> Task instructions:
Entries below include pictures. Output exactly the lines from the one with "If you want" down to the one with "Vassoio bianco e", both ends included, and leave the pictures out.

---------- Dataset

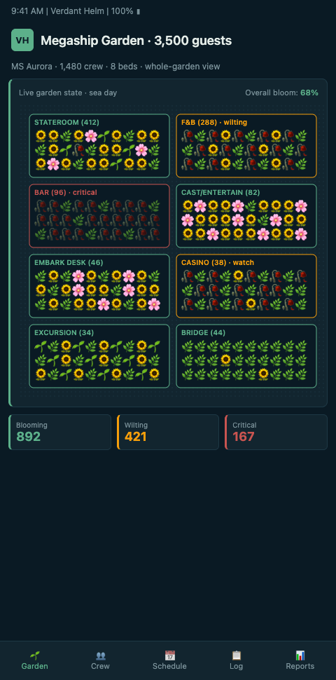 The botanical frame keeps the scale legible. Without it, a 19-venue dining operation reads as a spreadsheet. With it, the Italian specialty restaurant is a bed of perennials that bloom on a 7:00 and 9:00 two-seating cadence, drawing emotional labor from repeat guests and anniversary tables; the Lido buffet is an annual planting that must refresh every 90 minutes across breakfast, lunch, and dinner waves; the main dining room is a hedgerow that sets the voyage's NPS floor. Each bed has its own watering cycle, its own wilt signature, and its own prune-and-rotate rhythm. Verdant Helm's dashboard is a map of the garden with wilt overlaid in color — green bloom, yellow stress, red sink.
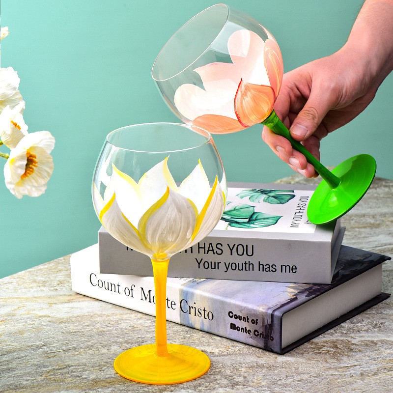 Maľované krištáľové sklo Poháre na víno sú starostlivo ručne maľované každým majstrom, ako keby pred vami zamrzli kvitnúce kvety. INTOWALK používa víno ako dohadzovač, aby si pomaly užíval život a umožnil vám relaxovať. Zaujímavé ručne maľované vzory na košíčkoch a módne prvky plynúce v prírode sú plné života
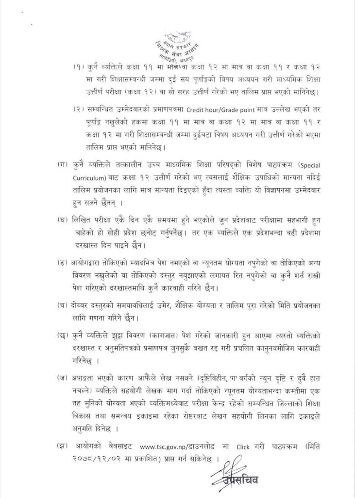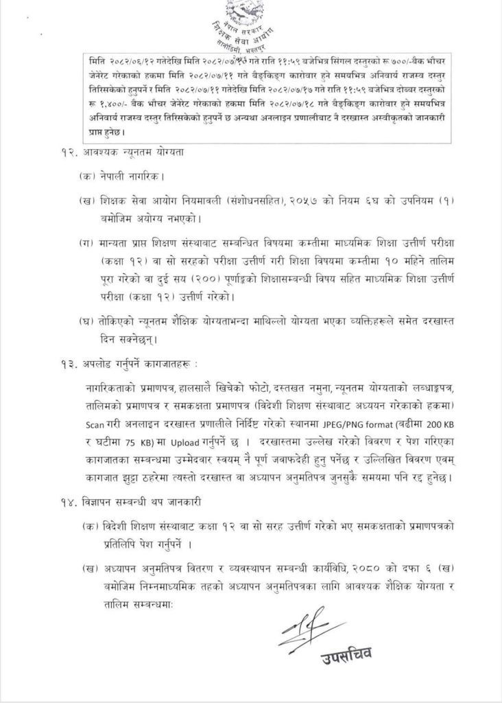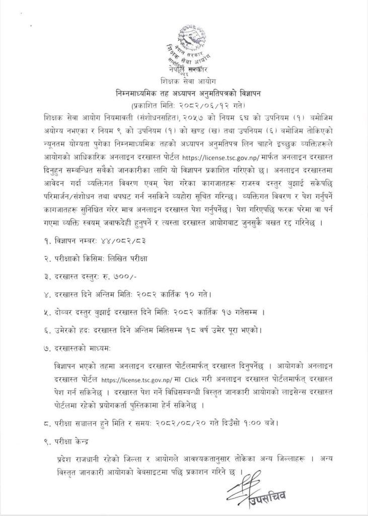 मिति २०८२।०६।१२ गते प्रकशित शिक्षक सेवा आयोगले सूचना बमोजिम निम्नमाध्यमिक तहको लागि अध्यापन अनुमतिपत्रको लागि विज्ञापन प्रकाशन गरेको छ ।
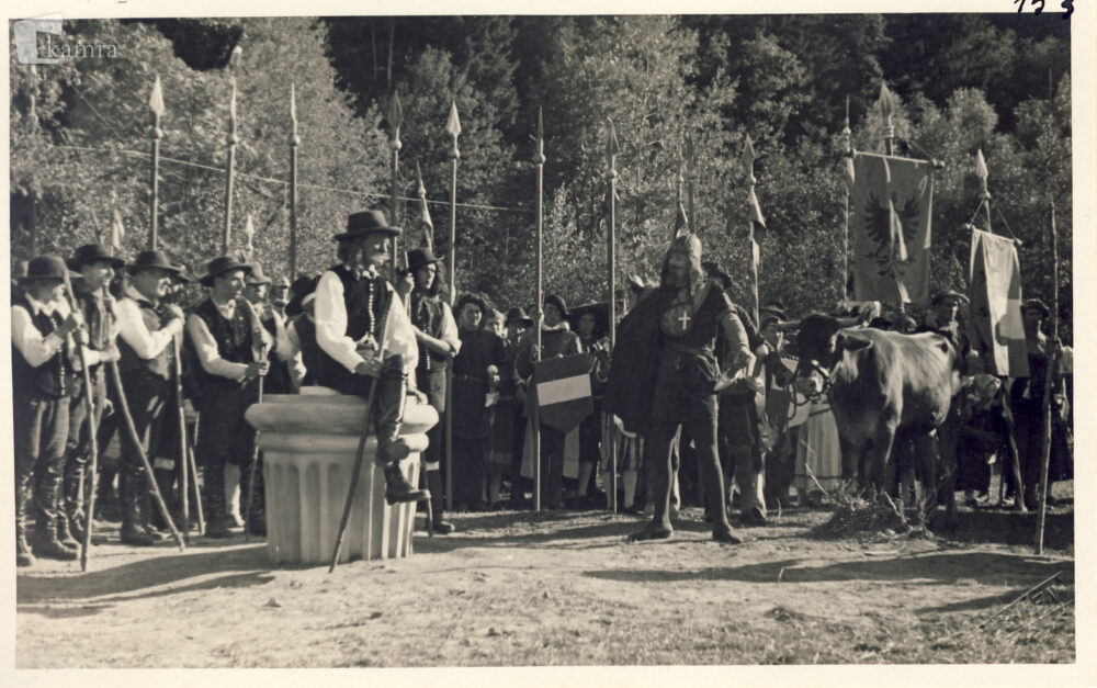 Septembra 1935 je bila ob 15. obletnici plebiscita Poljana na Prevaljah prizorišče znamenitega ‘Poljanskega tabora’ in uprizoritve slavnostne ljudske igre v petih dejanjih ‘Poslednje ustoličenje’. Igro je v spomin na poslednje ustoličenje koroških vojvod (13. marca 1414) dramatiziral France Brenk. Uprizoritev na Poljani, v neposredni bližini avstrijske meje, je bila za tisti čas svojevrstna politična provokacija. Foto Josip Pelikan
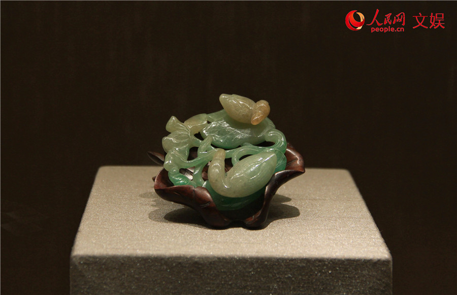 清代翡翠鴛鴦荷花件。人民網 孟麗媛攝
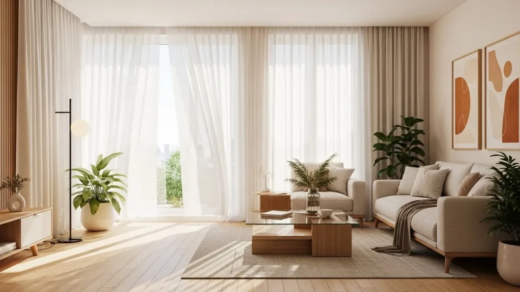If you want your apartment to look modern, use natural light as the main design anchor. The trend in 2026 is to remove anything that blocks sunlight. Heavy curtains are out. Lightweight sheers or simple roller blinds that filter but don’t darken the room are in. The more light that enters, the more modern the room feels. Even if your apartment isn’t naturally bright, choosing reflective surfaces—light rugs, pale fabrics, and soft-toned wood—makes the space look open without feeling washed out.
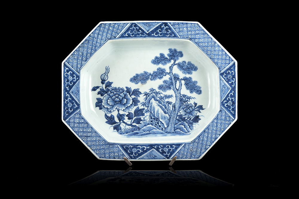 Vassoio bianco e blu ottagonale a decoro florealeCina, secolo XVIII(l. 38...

--------------------
---------- Dataset

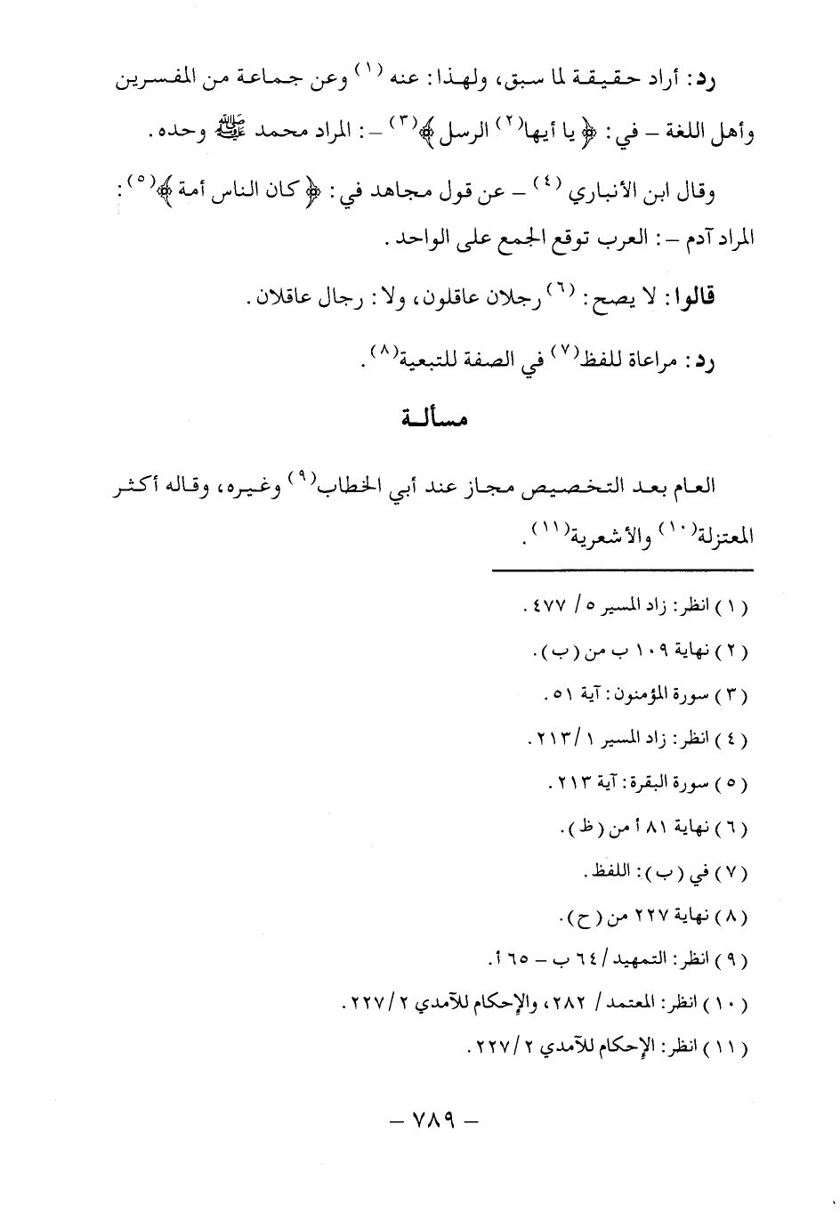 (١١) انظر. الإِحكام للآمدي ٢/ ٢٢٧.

--------------------

> Reply:
If you want your apartment to look modern, use natural light as the main design anchor. The trend in 2026 is to remove anything that blocks sunlight. Heavy curtains are out. Lightweight sheers or simple roller blinds that filter but don’t darken the room are in. The more light that enters, the more modern the room feels. Even if your apartment isn’t naturally bright, choosing reflective surfaces—light rugs, pale fabrics, and soft-toned wood—makes the space look open without feeling washed out.
 Vassoio bianco e blu ottagonale a decoro florealeCina, secolo XVIII(l. 38...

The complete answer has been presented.